### Assigned task:
Produce a verbatim transcription of the entries, with all pictures omitted.

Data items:
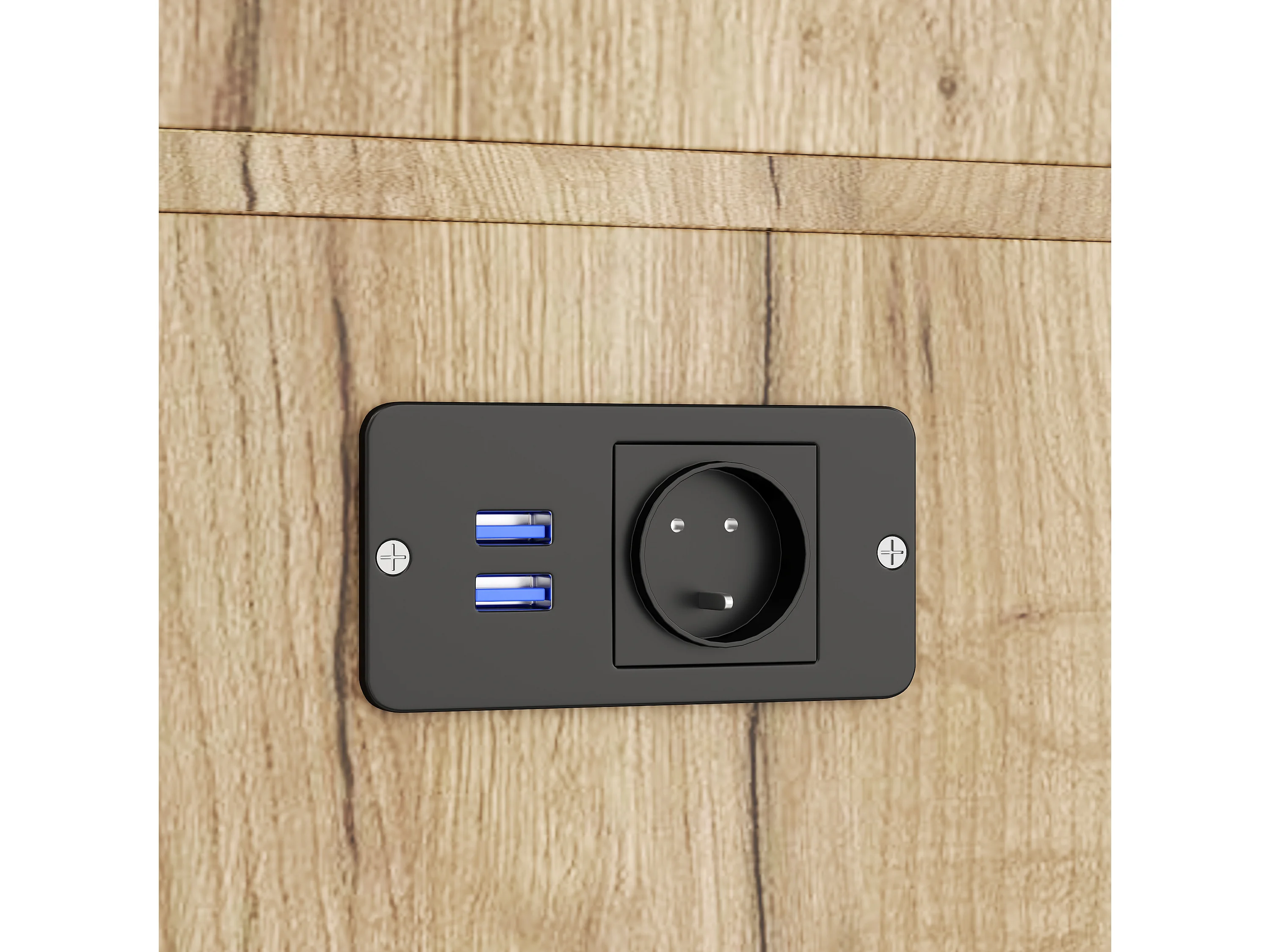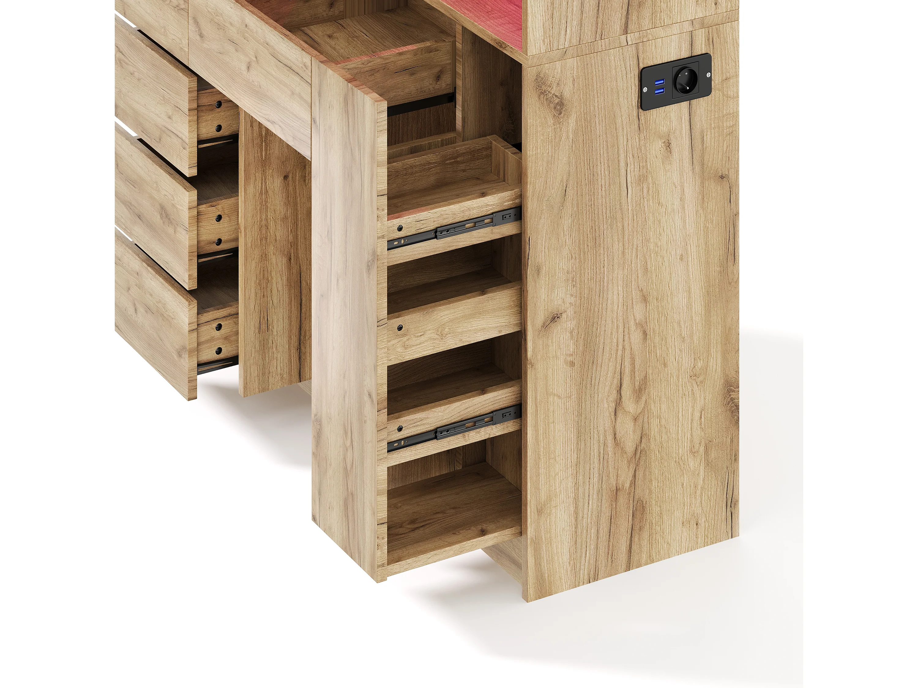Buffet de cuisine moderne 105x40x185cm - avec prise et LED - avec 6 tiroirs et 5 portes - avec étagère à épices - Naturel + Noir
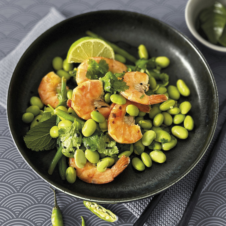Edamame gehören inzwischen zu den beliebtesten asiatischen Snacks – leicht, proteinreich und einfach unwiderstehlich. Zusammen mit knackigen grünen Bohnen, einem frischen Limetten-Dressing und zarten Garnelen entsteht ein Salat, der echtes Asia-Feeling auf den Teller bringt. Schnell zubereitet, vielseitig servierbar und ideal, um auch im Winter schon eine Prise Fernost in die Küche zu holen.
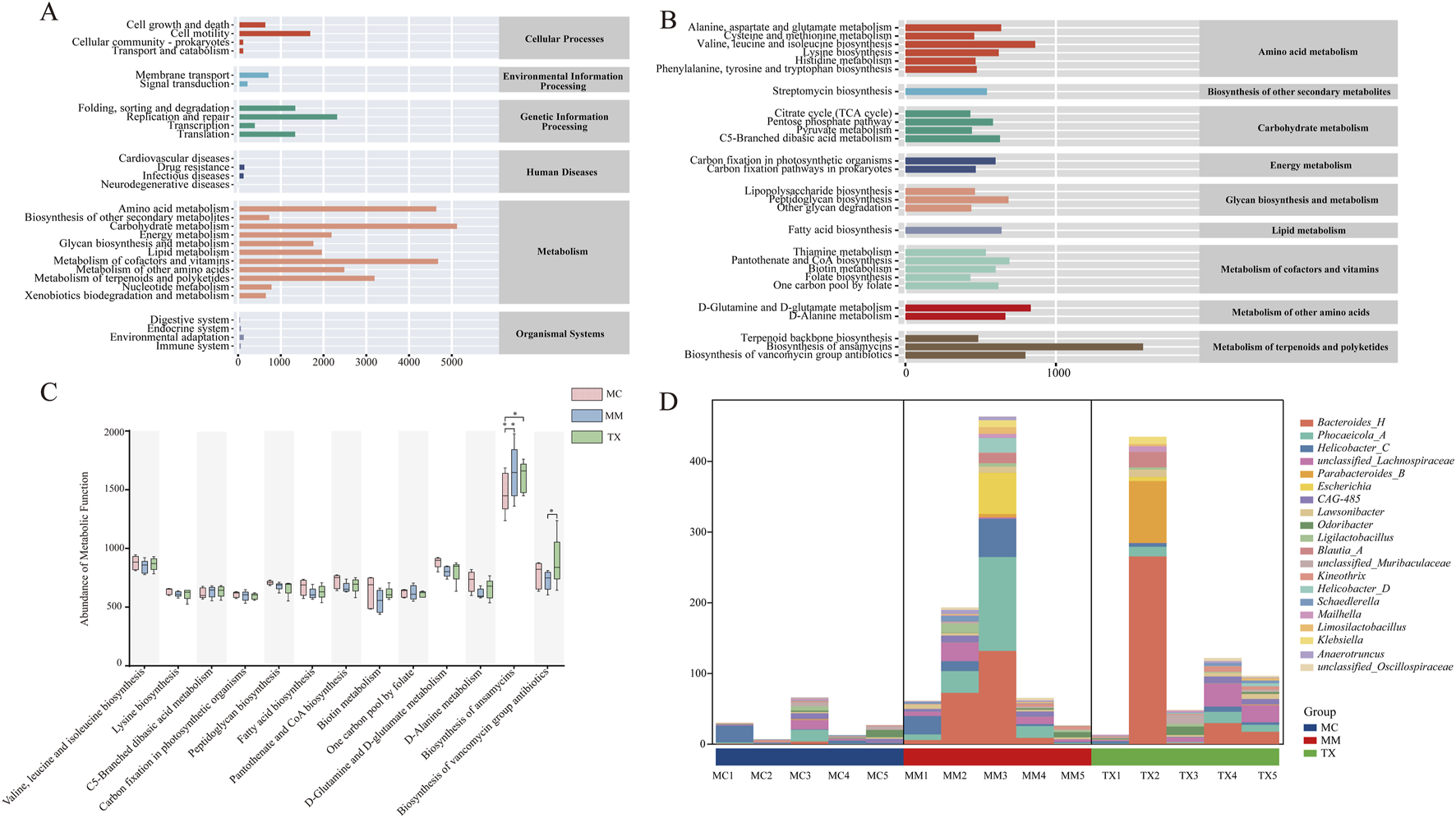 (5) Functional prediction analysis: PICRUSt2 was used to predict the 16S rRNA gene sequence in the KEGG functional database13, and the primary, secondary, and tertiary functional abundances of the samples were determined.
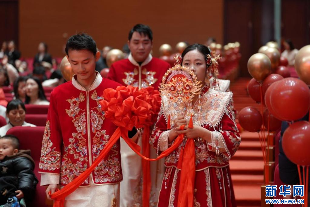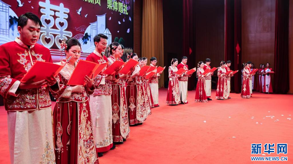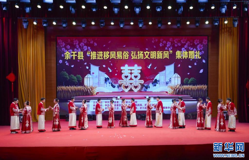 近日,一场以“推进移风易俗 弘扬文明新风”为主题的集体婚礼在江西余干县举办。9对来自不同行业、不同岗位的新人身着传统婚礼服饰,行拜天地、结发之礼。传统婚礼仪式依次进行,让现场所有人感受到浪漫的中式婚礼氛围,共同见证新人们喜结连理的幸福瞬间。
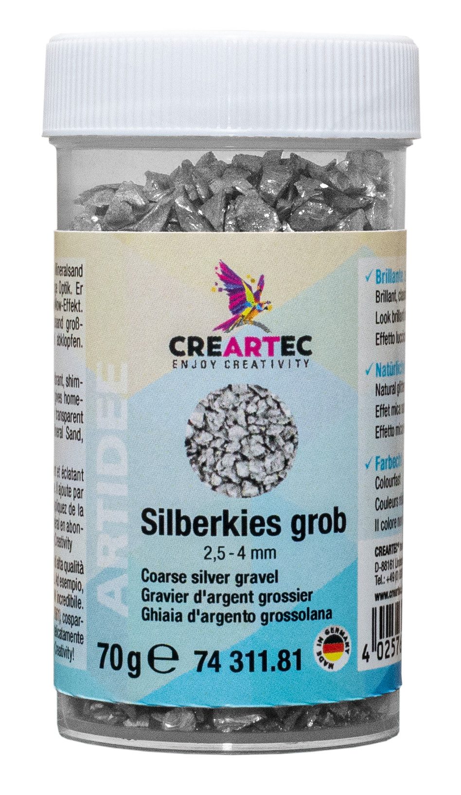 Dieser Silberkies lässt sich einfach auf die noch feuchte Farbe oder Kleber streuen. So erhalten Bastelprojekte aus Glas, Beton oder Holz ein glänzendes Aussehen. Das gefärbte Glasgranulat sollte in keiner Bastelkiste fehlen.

### Written reply:
Buffet de cuisine moderne 105x40x185cm - avec prise et LED - avec 6 tiroirs et 5 portes - avec étagère à épices - Naturel + Noir
Edamame gehören inzwischen zu den beliebtesten asiatischen Snacks – leicht, proteinreich und einfach unwiderstehlich. Zusammen mit knackigen grünen Bohnen, einem frischen Limetten-Dressing und zarten Garnelen entsteht ein Salat, der echtes Asia-Feeling auf den Teller bringt. Schnell zubereitet, vielseitig servierbar und ideal, um auch im Winter schon eine Prise Fernost in die Küche zu holen.
 (5) Functional prediction analysis: PICRUSt2 was used to predict the 16S rRNA gene sequence in the KEGG functional database13, and the primary, secondary, and tertiary functional abundances of the samples were determined.
 近日,一场以“推进移风易俗 弘扬文明新风”为主题的集体婚礼在江西余干县举办。9对来自不同行业、不同岗位的新人身着传统婚礼服饰,行拜天地、结发之礼。传统婚礼仪式依次进行,让现场所有人感受到浪漫的中式婚礼氛围,共同见证新人们喜结连理的幸福瞬间。
 Dieser Silberkies lässt sich einfach auf die noch feuchte Farbe oder Kleber streuen. So erhalten Bastelprojekte aus Glas, Beton oder Holz ein glänzendes Aussehen. Das gefärbte Glasgranulat sollte in keiner Bastelkiste fehlen.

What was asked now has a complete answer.